Blazar is a flexable C++ game engine.
This engine is being created for a large scale space game. These types of games generally do not fit well into generic game engines as they try and do too much.
Space games are unique due to:
- Large scales
- Large amount of procedural generation
- Minimal authored content
- Large amount of objects.
Additionally, for games played over the network, a large amount of determinism is required. Current game engines make all of this a challenge because they're built for completely authored experiences with no or little procedural generation, and a well known set of objects.
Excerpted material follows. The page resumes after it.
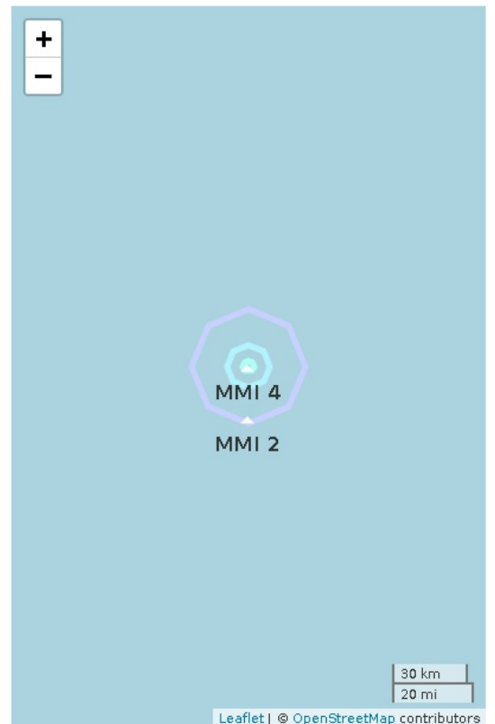
Figure 2. Polygons show shaking intensity contours for the final ShakeAlert. Shaking of intensity 3 or less is often not felt. Regional network epicenter not available.
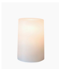
Handmade Resin Opal

I've tried for a long time to retrofit a suitable system into the likes of Unity or Unreal, but I either found the system unworkable, unusable, or slow.
I plan to update approxamately 100,000 entities every tick through 20+ systems.
Additionally, I plan on making games that are 2.5D, though I want the engine to be generic. I need good 2D rendering support with batching and all the goodness that comes with that, but also 3D rendering support. This is why there is a custom renderer instead of reusing a library.
- Robust Entity Component System
- ImGUI Based Debugging System
- ImGUI Based Authoring System for Procedural Generation
- Material / Shader system
- Sprite tools, including sprite atlas support.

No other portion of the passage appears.